Cosa può andare storto

  • Il chiamante si aspetta una persona. Alcuni chiamanti (soprattutto quelli più anziani) riagganciano appena sentono l'AI. Mitiga con un messaggio di benvenuto più morbido e un percorso semplice del tipo "Vorrei parlare con una persona".
  • Le lacune nella knowledge base causano loop. Se il Finn non trova una risposta, entra in loop o tira a indovinare. Verifica la completezza della knowledge base per le 20 domande più frequenti dei chiamanti.
  • Le chiamate finiscono in segreteria in modo imprevisto. Quasi sempre si tratta di una regola di instradamento configurata male. Vedi Risoluzione dei problemi → Numeri di telefono.
  • Le destinazioni di trasferimento non rispondono. Se il lato umano è lento o non disponibile, il trasferimento fallisce. Configura un fallback (ritorno alla segreteria, ritorno al Finn).

Quando servono entrambi

La maggior parte delle aziende finisce per gestire outbound + inbound dallo stesso account, spesso con lo stesso Finn.

Esempio: uno studio dentistico

  • Finn inbound (Maya): Risponde al numero aziendale 24/7. Fissa appuntamenti, li riprogramma, trasferisce le chiamate urgenti.
  • Finn outbound (sempre Maya, stessa configurazione): Chiama i pazienti con appuntamento il giorno seguente per confermare o riprogrammare.

Stessa identità, stessa voce, stessa knowledge base — ma due deployment diversi (uno inbound, uno outbound ricorrente).

Questo è il modello standard. Costruisci bene un Finn, poi usalo per entrambe le direzioni.

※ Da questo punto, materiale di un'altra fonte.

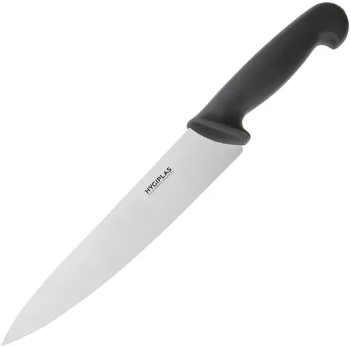 Goede kwaliteit messen van Hygiplas. Vaatwasserbestendig en eenvoudig te slijpen, met zwart nylon heft voor een comfortabele grip. Dit koksmes is ideaal voor algemeen gebruik, zoals het hakken, fijnhakken en snijden van vlees en groenten.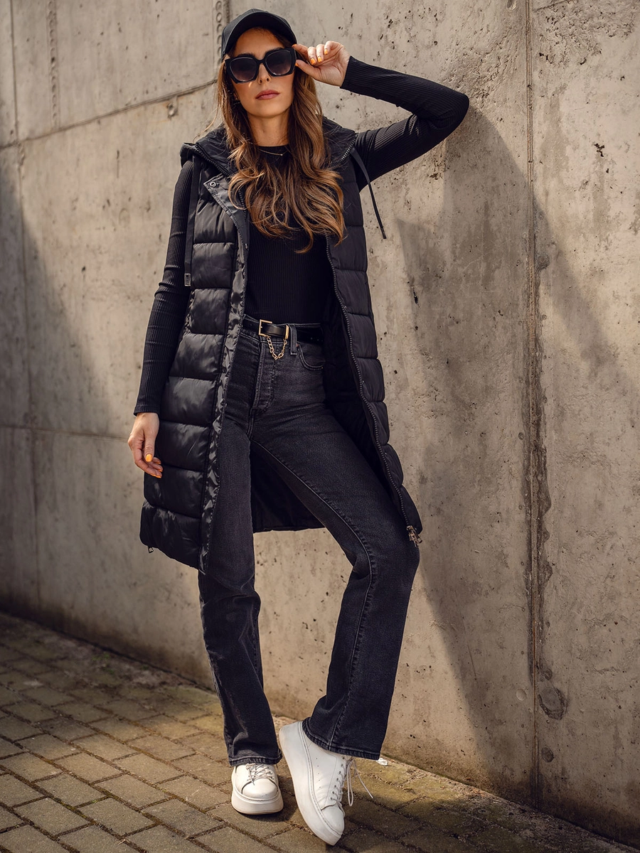 Feedback från kunder Dam Lång Quiltad Väst med huva Svart Bolf MY6315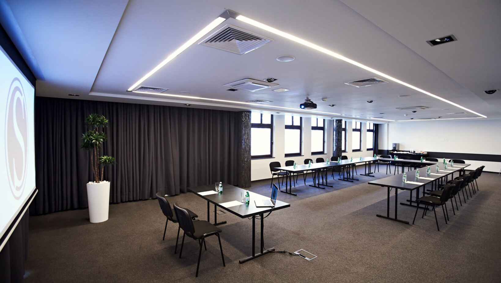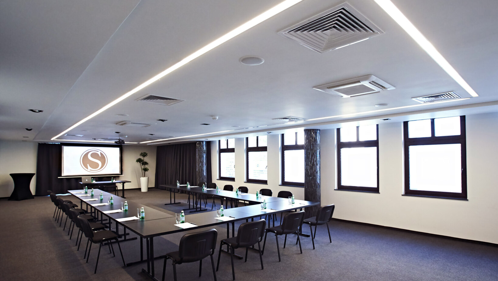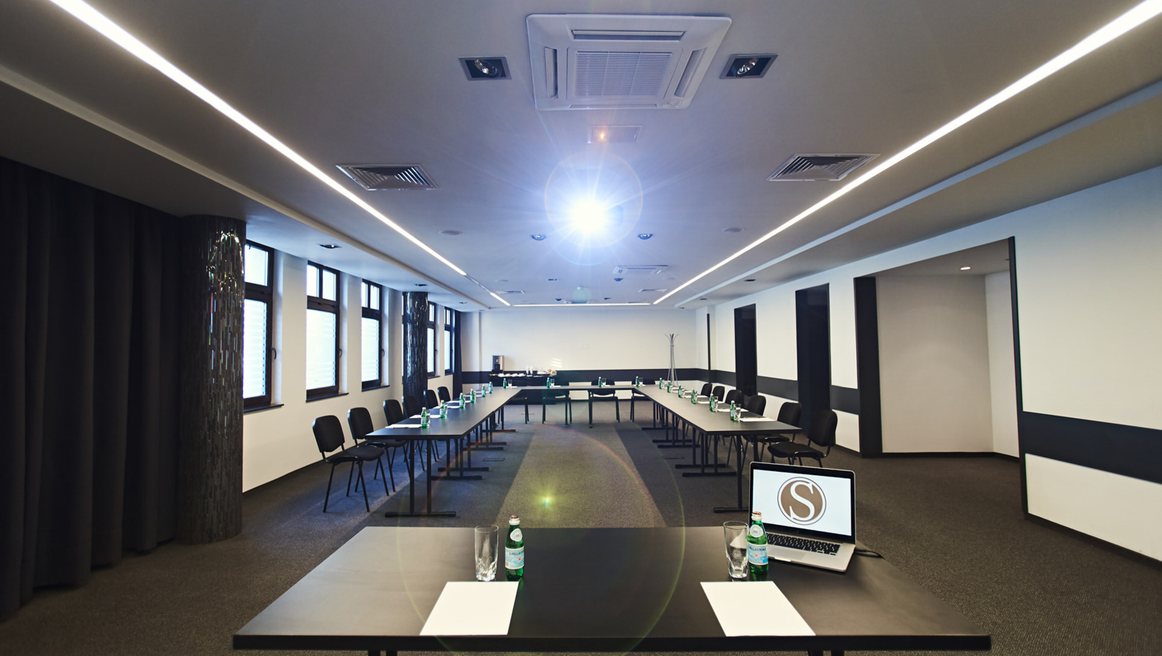 Sala konferencyjna zlokalizowana jest na pierwszym piętrze, w cichej i spokojnej części hotelu, by stworzyć naszym Gościom atmosferę sprzyjającą pracy i szkoleniom. To miejsce profesjonalnie przygotowane do pełnienia swojej funkcji, znajdują się tam wszelkie niezbędne sprzęty, które pozwolą na zorganizowanie nowoczesnego, biznesowego spotkania, czy szkolenia dla pracowników różnych szczebli.
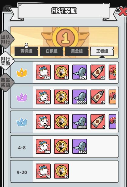 王者组第一名:诸葛亮碎片*220、皮肤币*35、涂改带*100000、锁定剂*20,称号*1;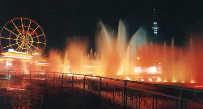 (3)、數(shù)控噴泉:隨著音樂節(jié)拍,自動變換組合各種水型,并同時噴出“火柱”、“火球”、形成“火龍”、“火海”等。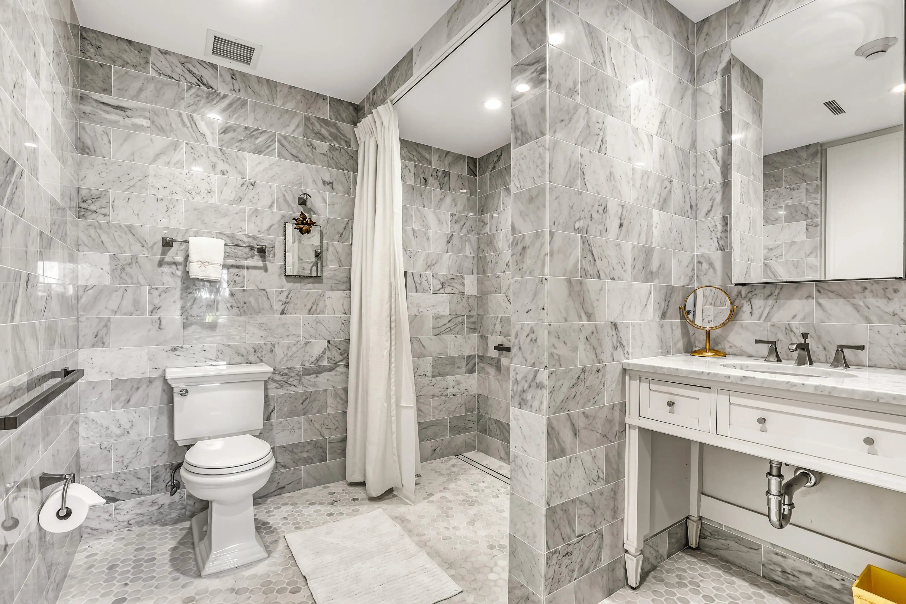 Sunny and bright south-facing one-bedroom plus small den with two full bathrooms. Hardwood floors, marble bathrooms, enlarged kitchen, built-in cabinetry, motorized shades and washer/dryer in unit. This lovely apartment has been renovated and is in lovely move-in condition. A rare find!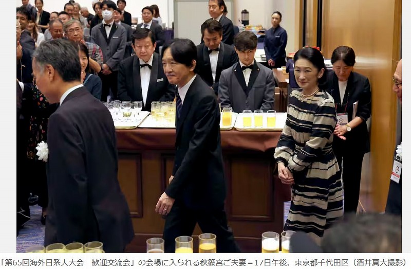 秋篠宮ご夫妻は17日、東京都千代田区のホールを訪れ、「第65回海外日系人大会」の参加者歓迎交流会に臨席された。同大会は世界各地の日系人が集い、日系社会の課題や方向性を考えるため昭和32年から開催。ご夫妻はこれまでも、たびたび大会の行事に臨まれている。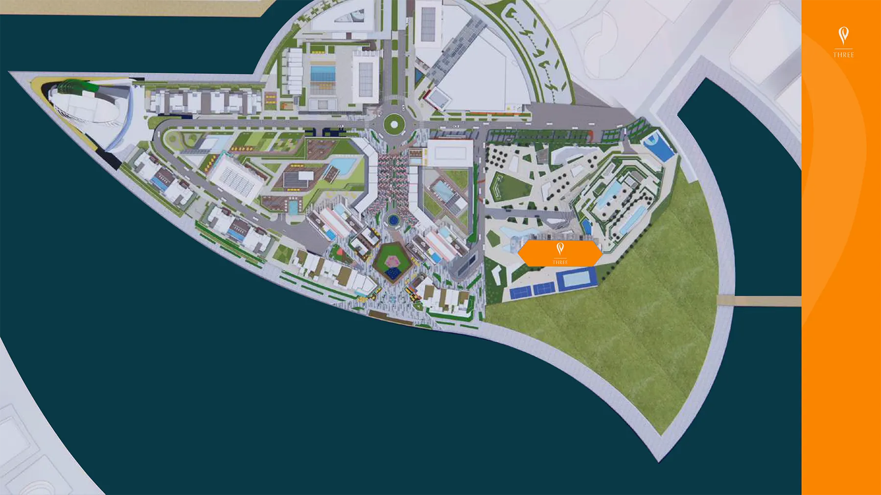 Peninsula Three by Select Group, an outstanding waterfront community, is the core component of Peninsula. An innovative master plan of the highest calibre that perfectly combines urban lifestyle with outdoor leisure. This self-sufficient island of homes is designed for integrated living and is enveloped in lush green space and a range of sports facilities, such as tennis courts, basketball courts, a skate park, and landscaped areas that encourage an active lifestyle.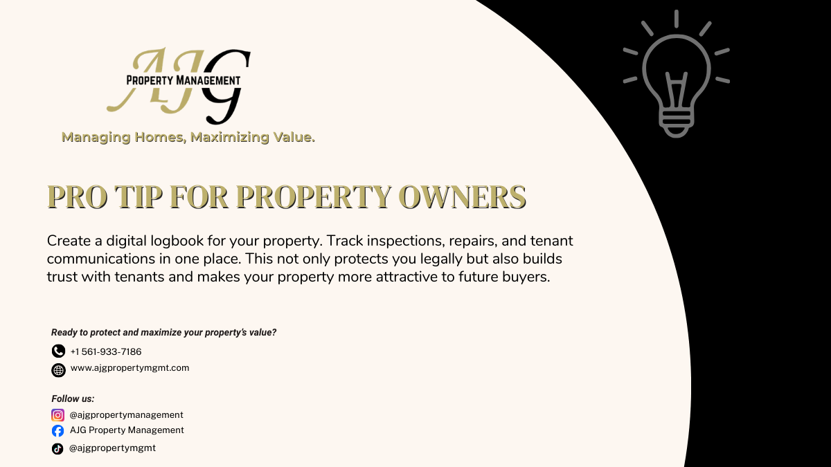 📲🏡 A well-managed property isn’t just about repairs—it’s about documentation too. Keeping a digital logbook of inspections, repairs, and tenant communications protects you legally, builds trust, and adds long-term value. Smart management today means stronger investments tomorrow 💼✨ #AJGPropertyManagement #ManagingHomes #MaximizingValue #PropertyCare #EfficientManagement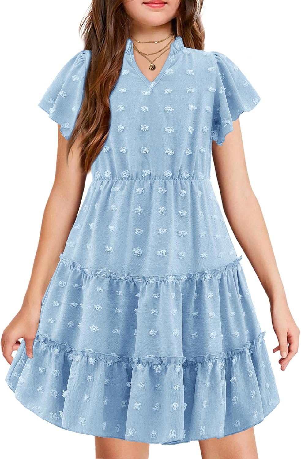 Arshiner Girls Summer Elegant Ruffle Sleeve Casual Dresses with Swiss Dot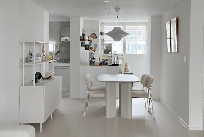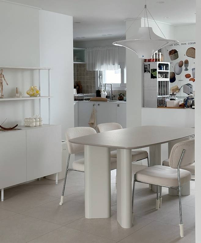 지금은 오히려 함께하는 식사에 더 집중할 수 있고 좋더라고요. 다행히 다이닝 공간은 꽤 넉넉한 편이라 큼직한 식탁을 놓을 수 있었어요!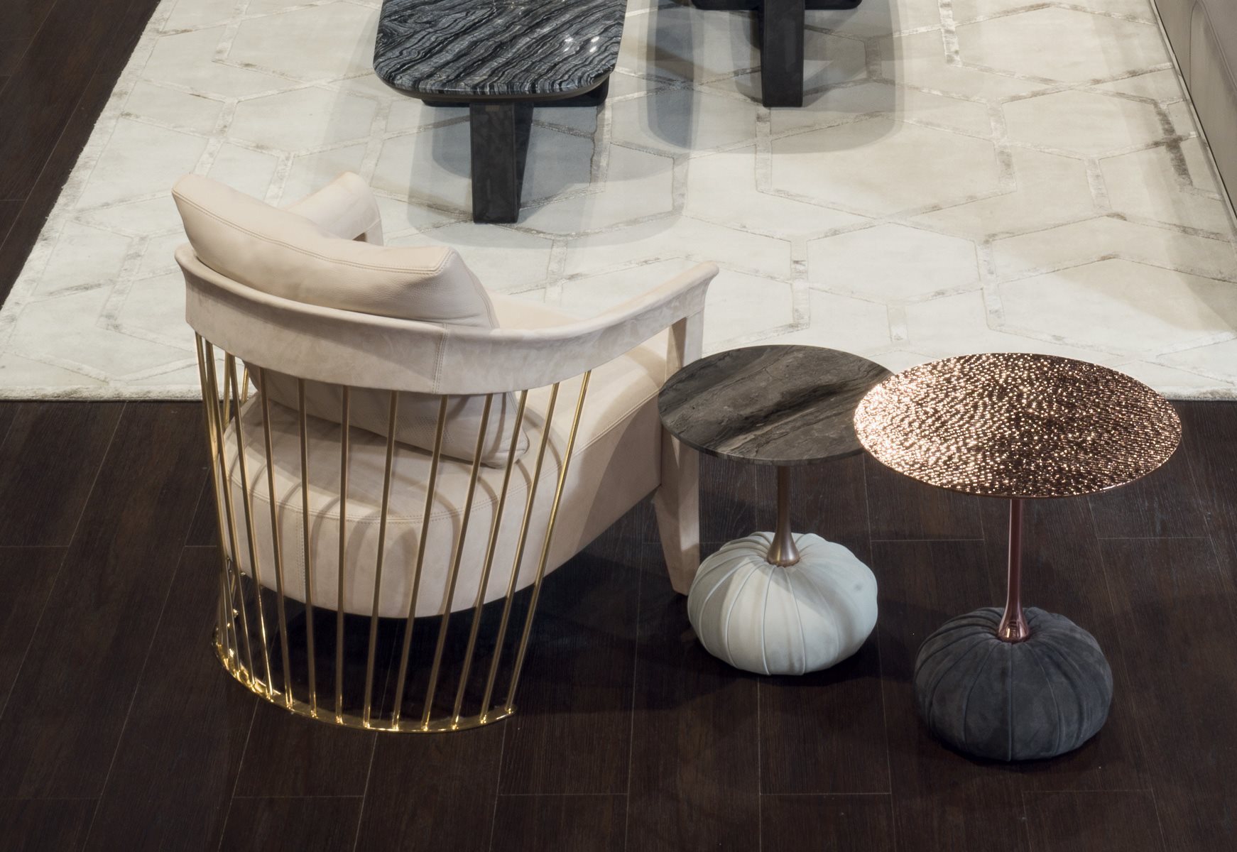 The metal backrest of the armchair is made with a laser-cut frame and by metal pipes assembled individually with a handmade procedure, and chrome plated in the finishes: Satin nickel, bright shaded brown, Black Rose gold, bright light gold, matt Champagne gold, bright chrome, bright black chrome, matt satin bronze, bright pink gold, matt pink gold.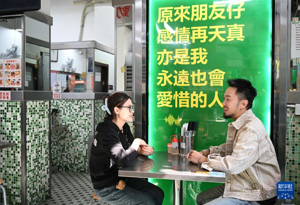 12月13日,邱志晖(右)在其创办的茶餐厅珠海夏湾店里和顾客聊天。
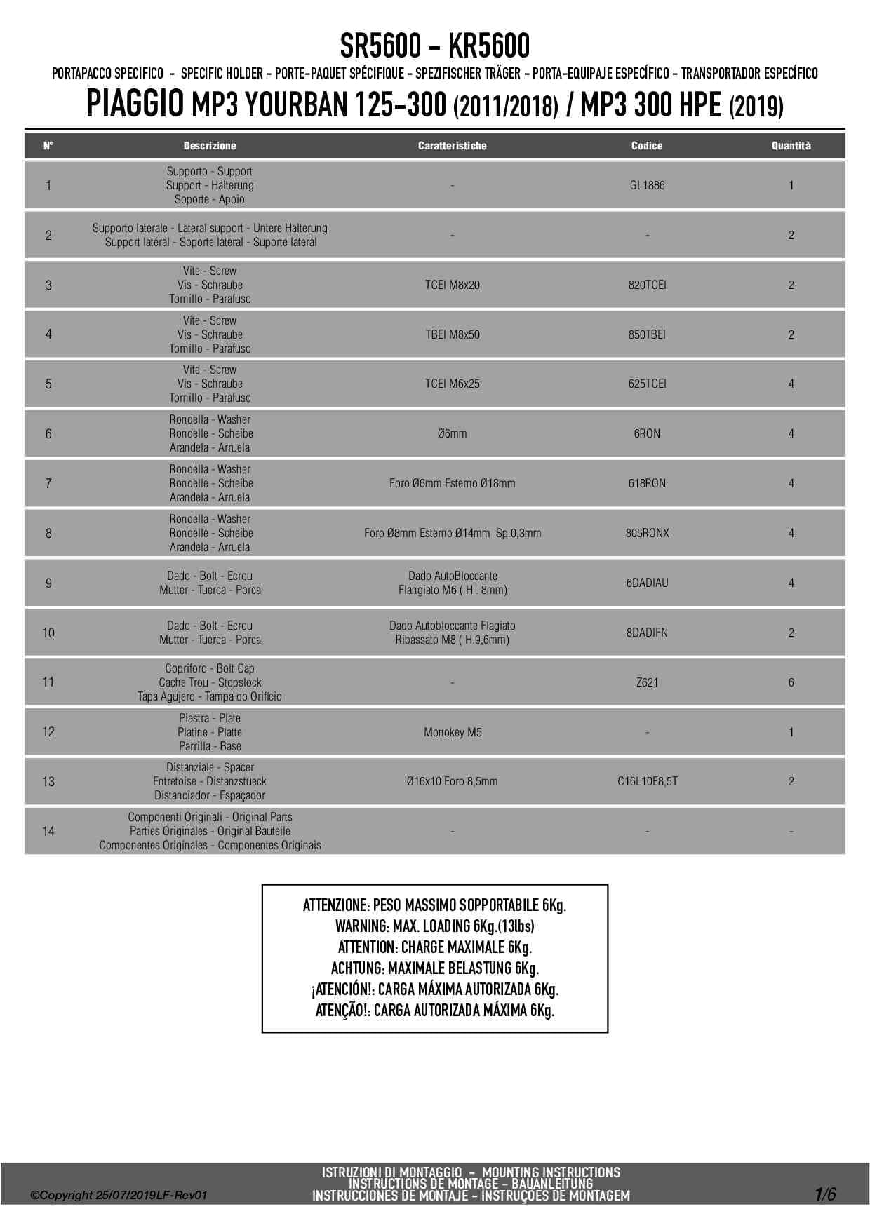 Givi SR5600 Stelaż kufra centralnego Piaggio MP3 Yourban 125-300 (11-18) / MP3 300 HPE (19-24) z płytą MONOKEY

Quando usare Finn diversi per ciascuna direzione

A volte l'obiettivo è abbastanza diverso da giustificare Finn separati:

  • Inbound = receptionist (ampio, flessibile, cordiale).
  • Outbound = qualificatore di lead (mirato, breve, orientato ai risultati).

Stessa azienda, personalità diverse. Va bene — puoi gestire tutti i Finn che ti servono.


Ibrido: outbound che diventa inbound

Un modello sempre più diffuso: chiamate outbound che mettono in contatto un cliente con una persona, e da quel momento in poi restano attive come Finn inbound.

Esempio: un qualificatore outbound chiama un lead, lo interessa e lo trasferisce a un commerciale. Se il lead richiama in seguito, risponde il Finn inbound, che conosce il contesto della chiamata precedente.

Questo richiede una connessione CRM affinché il contesto passi da una chiamata all'altra. Vedi Integrazioni → CRM.


Come la dashboard li separa

Nella piattaforma:

  • Dynamic Deployments è dove risiedono le campagne outbound.
  • Live Deployments mostra sia le campagne inbound sia quelle outbound attive al momento.
  • Impostazioni → Numeri di telefono → [Numero] → Finn inbound predefinito configura l'instradamento inbound.
  • Scheduled Deployments è esclusivamente outbound (campagne ricorrenti programmate in futuro).

Alcune pagine mostrano entrambe le viste combinate (Analytics, Cronologia chiamate); altre sono specifiche per direzione.


Domande frequenti

D: Un solo Finn può gestire entrambe le direzioni? R: Sì. La configurazione del Finn è indipendente dalla direzione della chiamata. La imposti una volta, poi assegni il Finn ai deployment outbound E al tuo numero inbound.

D: Il chiamante saprà se si tratta di inbound o outbound? R: Dal suo punto di vista è solo una telefonata. Il Finn lo sa internamente (metadati diversi), ma il flusso della conversazione può essere identico.

D: Inbound e outbound costano uguale? R: Stesso costo AI al minuto. Il costo di telefonia è diverso — l'outbound addebita la tariffa al minuto del paese di destinazione; l'inbound sul tuo numero è incluso nel canone mensile del numero nella maggior parte dei piani.

D: Le chiamate in uscita possono raggiungere numeri internazionali? R: Sì, se il tuo numero mittente lo supporta e il tuo piano consente le chiamate internazionali. Le tariffe internazionali al minuto possono essere 10-50 volte superiori a quelle nazionali USA — consulta Fatturazione.